Maybe (slightly) Reducing the Consequences of Government Education
Government education generally carries with it certain traits.
- The history books they purchased by the government tend to focus on the government’s history instead of the history of the people.
- They see everything as geography based.
- They introduce jobs that tend to have heavy ties to the government. Ask a group of students in elementary school what they want to be when they grow up and you’ll get a bunch of firemen, police men, teachers, lawyers, astronauts, and doctors. Every one of those industries is heavily involved or subsidized through the government.
I’m probably a little more sensitive to this issue than most parents, but there is a part of what my kids were being exposed to at school that seemed nothing more than a marketing campaign for public sector jobs.

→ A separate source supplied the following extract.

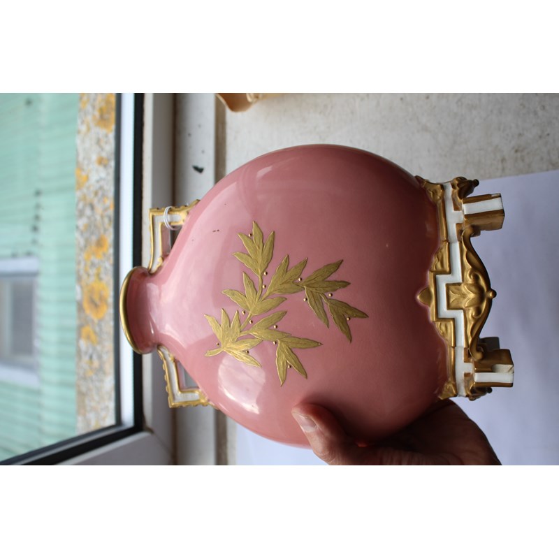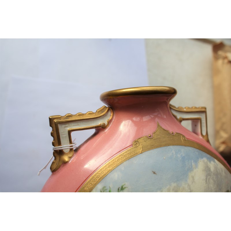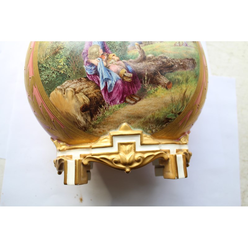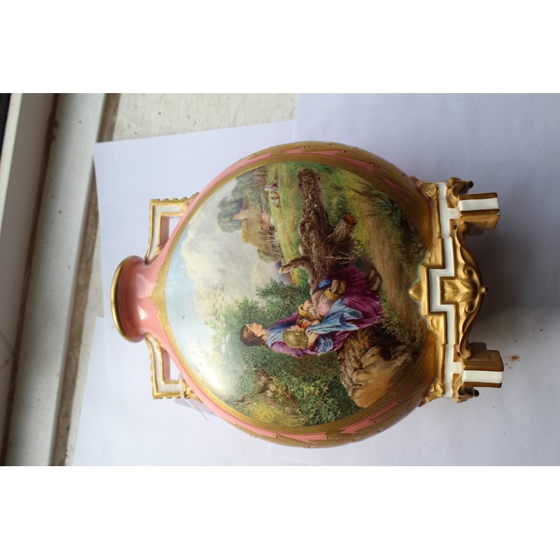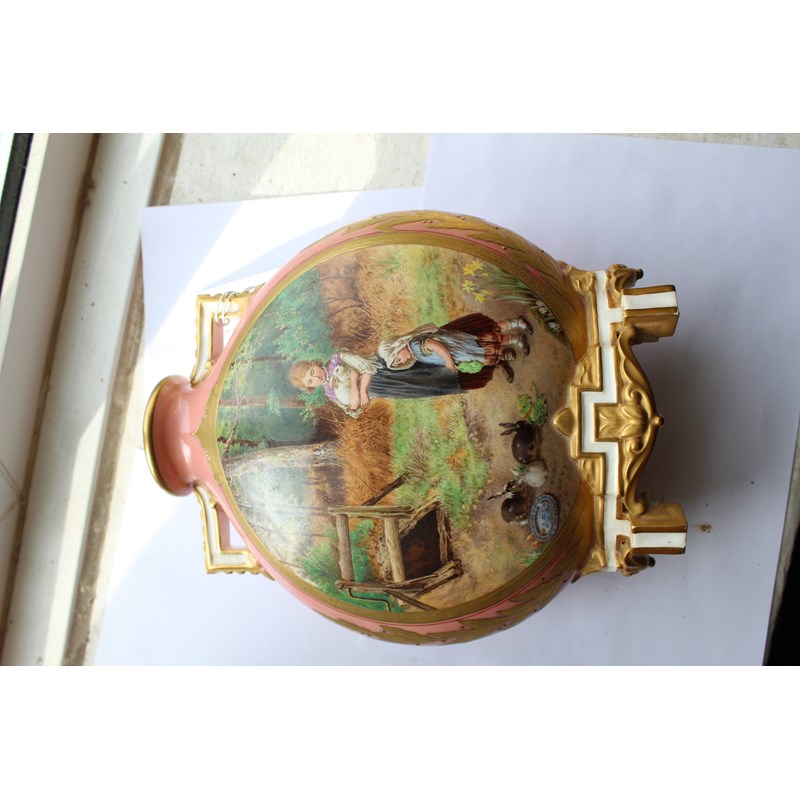 date code for 1878, the Japanesque bodies painted with rustic scenes of children in the countryside inside tooled gilt frames and on a pale pink ground, puce printed marks, height 25cm (2)

So, I decided to do something about it.
Thankfully at precisely the time that I discovered Erin McKean online he was getting asked what he wanted to be in school. So I trained him that if he ever gets asked that question he should respond with ‘I want to be a Lexicographer.’ Then explain that it’s the person who puts words in the dictionary. I then went the next layer knowing that my son would probably get asked what his favorite word was, I proceeded to teach him the word absquatulate.
Fun adventures have ensued.
We’ve learned that Lexicography will not pay a living wage, but he’s no longer trapped in the firefighter, police officer, teacher paradigm. He wants to be an engineer.